MS Guy: "Well, now that you mention it, in some portions of code that
was left, but simply rewritten, it was no longer written using
Hungarian notation."
Sheets: "Hungarian notation?"
MS Guy: "Yeah, you know... naming variables after their data type. We're
required to do that for readability or for some reason like
that. Actually no one remembers why we use it, but the code is
full of it and... Here, I'll show you..." [This time writes on
paper cocktail napkin.]
#include "sy.h"
struct SY *PsySz(sz)
char sz[];
{
char *pch;
Sheets: "And that means, what?"
MS Guy: "Well, you see if SY is a structure for a symbol table, then
PsySz(sz) is a pointer to a function returning an SY that
takes a pointer to the first character of a null terminated
string. See how convenient that is? It's a lot easier to type
than to say, trust me. And by the way, I'll have to have that
napkin back."
Sheets: "Well, if you say so. So with all these changes, I'll bet you
found all kinds of problems and trojan
rubbers^H^H^H^H^H^H^Hhorses left behind, right?"

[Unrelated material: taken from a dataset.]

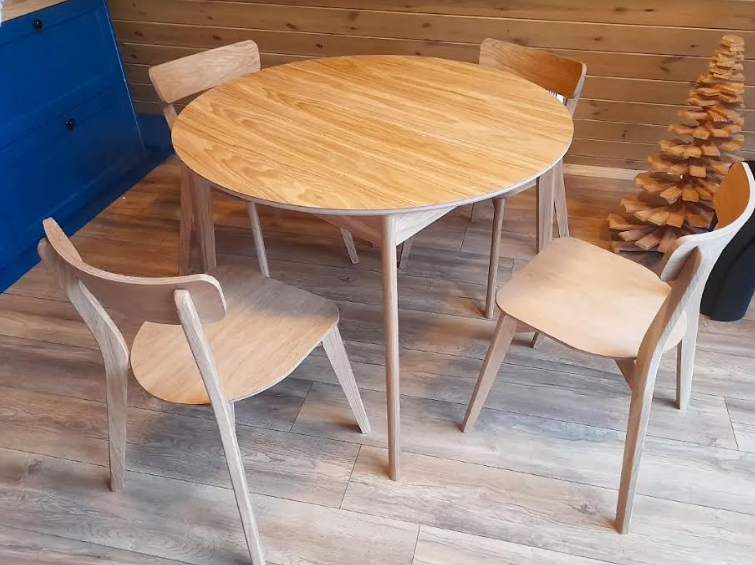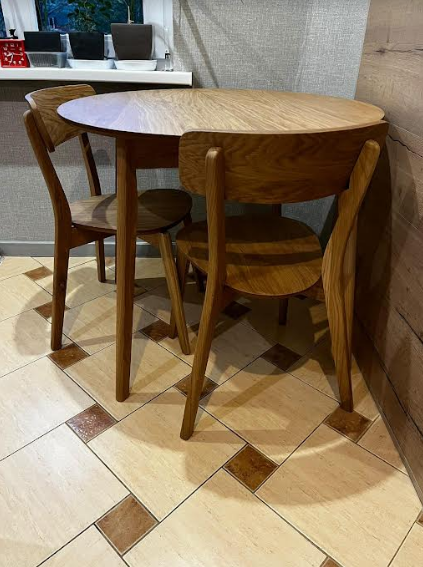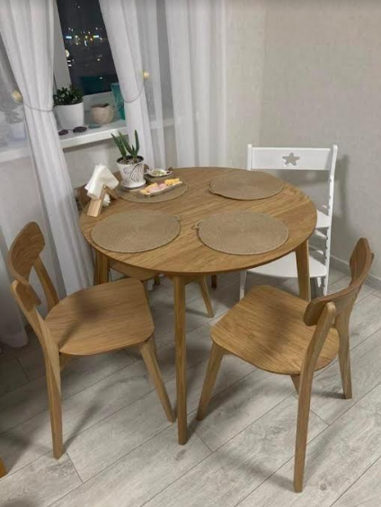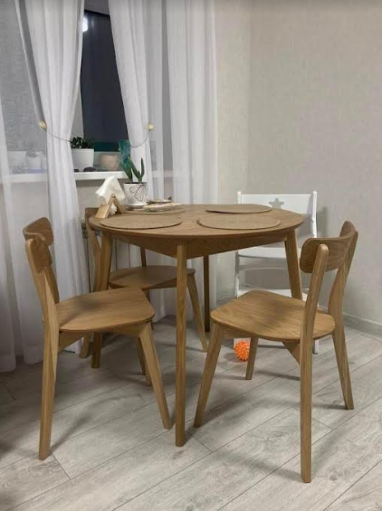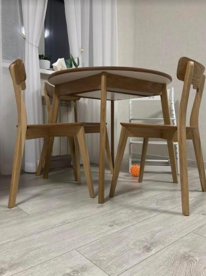 Цена указана за стол диаметром 85 или 90 см с разложением 33 см и один стул.

MS Guy: "Well, so far we haven't. We know the thieves have been in
for at least two weeks, but they only had a chance to replace
a few key modules. But incredibly, the QA team have had less
problems with the system and applications crashing then we
normally do. In fact, almost 50% less to date. In addition,
the overall performance has increased by 15%, and for some
modules, there has been a factor of 10 increase in speed.

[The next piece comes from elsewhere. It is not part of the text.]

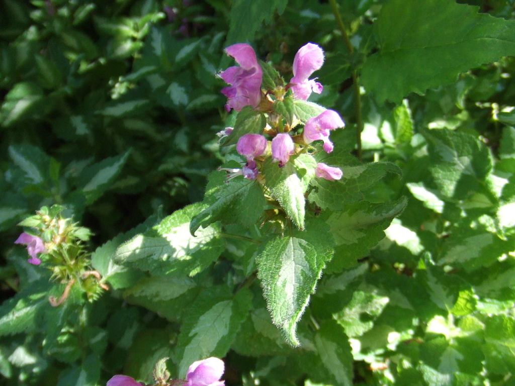 The name “Madonna’s Milk” for Lamium maculatum probably arose from Christian folklore and medieval plant symbolism. The white markings on the leaves of spotted dead nettle probably suggested drops of milk to medieval Christians who often named plants after religious figures or events due to their perceived appearance. Milk is often associated with motherhood and nourishment which suggests the Virgin Mary’s role as the mother and nurturing caretaker of Jesus, and the name “Madonna’s Milk” arose for the plant.

Someone, tried, on a lark I think, to boot this hacked Windows
ME up on an old Pentium 90 that the cleaning ladies play
Solitaire on using Windows 3.1, and it actually worked.
Well, it did until we ran out of memory when we tried to
run MS Office. It only had 8MB of RAM."
Sheets: (incredulously) "What, Windows ME booted on a Pentium 90 with
only 8MB of RAM? Impossible!"
MS Guy: "That's what I said. I wouldn't have believed it if I hadn't
seen it with my own eyes. But of course you see my, er, our
predicament, don't you?"
Sheets: "Well, not exactly. What don't you spell it out for me in
layman's terms. Put it so that it's something that even
programmers who have had their minds wiped clean by writing
years of Visual Basic could understand."
MS Guy: "Well, I'm not sure that ANYTHING could be explained that simply.

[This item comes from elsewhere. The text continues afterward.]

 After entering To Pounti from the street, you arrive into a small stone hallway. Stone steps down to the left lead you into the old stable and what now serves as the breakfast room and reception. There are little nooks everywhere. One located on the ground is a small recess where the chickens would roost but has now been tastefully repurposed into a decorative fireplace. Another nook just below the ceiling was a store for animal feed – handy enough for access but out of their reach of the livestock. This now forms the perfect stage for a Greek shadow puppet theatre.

But I'll give it my best shot, and with luck, maybe even upper
management will be able to grasp it.
It's like this. If Microsoft doesn't restore the original
software, people will notice the quality improvements, the
speed improvements, and the smaller memory footprint."
Sheets: "So?" (My best question, by far!)
MS Guy: "So? So??? You aren't the sharpest knife in the drawer are you?
Are you mad? Have you been swimming in the shallow end of the
gene pool too long?
If people notice, they won't feel compelled to buy bigger and
faster computers. And if that doesn't happen, how are we going
to get people to by our next operating system release? I mean,
at first glance, it appears that more than 5000 of our known
60,000+ bugs were fixed by these hackers. It's a good thing we
caught them in time or it would have been too late. After all,
we've done focus group studies and we know that people only
want "good enough" software. They aren't expecting perfection.
If our stolen source code gets out, it could spell the end to
Microsoft as we know us. We can't have people think that they
can get good quality software for nothing though. Where would
that leave us for Windows ME++? Without an upgrade path, that's
where. And our stock would crash and I'd have to get a job as
a rock star. And I don't think anyone wants that."
Sheets: "Well, Mr. Bal... oops, almost spilled the beans. Not to worry
though, Steve... a good reporter never reveals his sources."